Let $f\in C^{BV}([0,1])$ (i.e. continuous and has bounded variation). Let the intervals $I$ and $T$ satisfy the following: $I\subset T\subset [0,1]$ and for sufficient small $\delta>0$, $\frac{|I|}{|T|}\leq \delta.$
Question: Is there an $\epsilon=\epsilon(\delta)>0$ such that
$$\frac{\underset{I}{Var}f}{\underset{T}{Var}f}\leq \epsilon.$$
As posed, the question has a trivial answer (as hinted by John in a comment): let $\epsilon=1$, then the inequality holds by the monotonicity of $\operatorname{Var}$.

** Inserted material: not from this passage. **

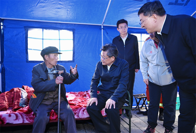 在文峰鎮(zhèn)樺林村,任振鶴深入震中,實地察看房屋、道路等受損情況,來到安置點看望受災(zāi)群眾,隨后在臨時指揮部主持召開會議,與省軍區(qū)、省直相關(guān)部門及定西市、隴西縣、文峰鎮(zhèn)等負責(zé)同志進行會商研判,安排部署下一步工作。他指出,地震發(fā)生后,各級各相關(guān)部門聞“震”而動、行動迅速,第一時間開展抗震救援、排險除險工作,奠定了重要基礎(chǔ)。要堅持“省級指導(dǎo)、市縣統(tǒng)籌、各方支持、群眾參與”,強化統(tǒng)一調(diào)度,落實責(zé)任、整合資源,以科學(xué)有效的指揮、周密完備的部署,繼續(xù)做好抗震救災(zāi)各項工作。要全面排查風(fēng)險隱患,加強余震監(jiān)測預(yù)警,聚焦農(nóng)房、學(xué)校、養(yǎng)老院、衛(wèi)生院、水庫、道路、工礦、橋涵、地質(zhì)災(zāi)害點等可能受地震影響的重點部位,不漏一戶、不落一處,早發(fā)現(xiàn)、早處置,有安全風(fēng)險的及時轉(zhuǎn)移,嚴防發(fā)生次生災(zāi)害。要妥善安置受災(zāi)群眾,按照“五有”要求保障好群眾基本生活,讓受災(zāi)群眾感到踏實、安穩(wěn)、溫暖。要搶通保暢基礎(chǔ)設(shè)施,緊盯水、電、路、訊,全力做好排查搶修等工作,推動盡快恢復(fù)正常生產(chǎn)生活秩序。要迅速開展抗災(zāi)自救,用好各方救援力量,引導(dǎo)動員群眾做好農(nóng)房修復(fù)、廢墟清理等工作。要切實增強抗震意識,進一步完善應(yīng)急預(yù)案,加強防震減災(zāi)安全知識宣傳,不斷提升群眾防災(zāi)減災(zāi)意識,減少災(zāi)害帶來的人身安全、經(jīng)濟財產(chǎn)損失。
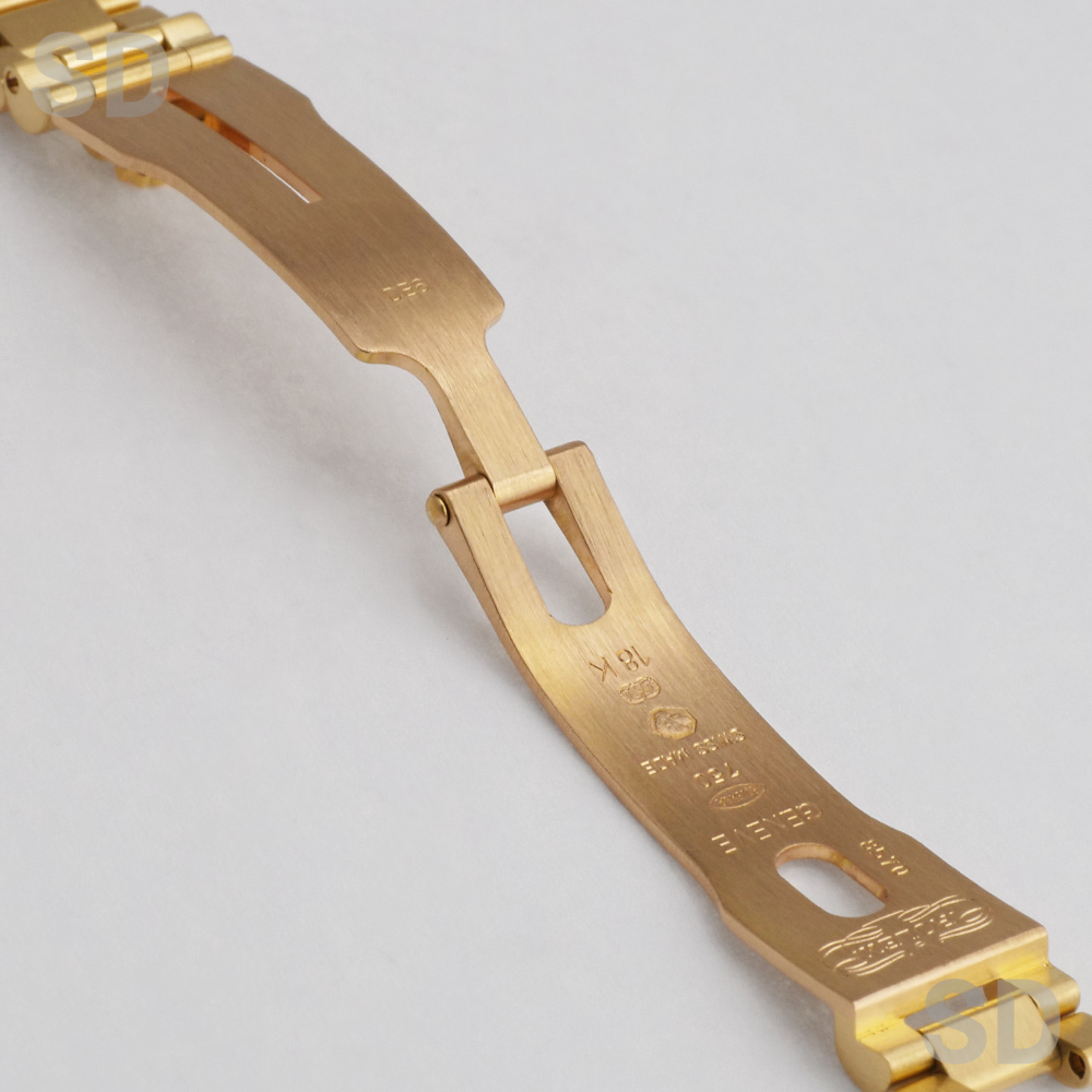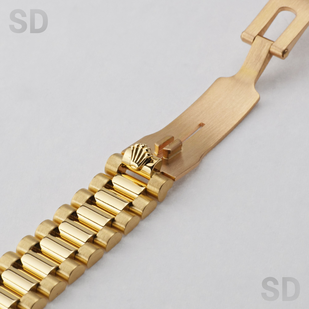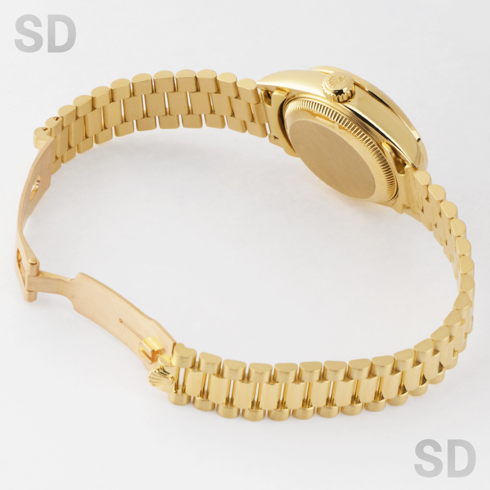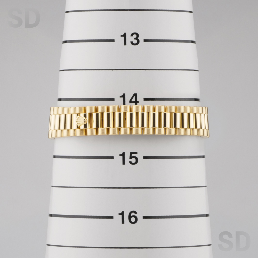 現在は生産が終了してしまった本個体は、ケース径26mmのレディースサイズに、イエローゴールド無垢のケースとブレスレットを備え、ベゼルには32石の純正ダイヤモンドと4石の純正バゲットルビーを配した華やかなモデルです。シャンパンダイアルに10石の大粒ダイヤモンドインデックスを組み合わせ、金無垢モデル専用のプレジデントブレスレットがロレックスならではの格式を演出します。ラグ表面やブレスサイドのサテン仕上げにより、後継モデルと比べて僅かながら落ち着いた雰囲気を感じさせる一本です。

A better question would be: is it true that for every $\epsilon>0$ there is $\delta=\delta(\epsilon)>0$ such that $$|I|\le \delta |T| \implies \operatorname*{Var}_I f\le \epsilon \operatorname*{Var}_T f \tag{?}$$
The answer is negative; the Cantor function is a counterexample. This function is of the form $f(x)=\mu([0,x])$ where $\mu$ is a singular measure. Since $ \operatorname*{Var}_I f = \mu(I)$ , the validity of (?) would imply that $\mu$ is absolutely continuous with respect to the Lebesgue measure, which is not the case.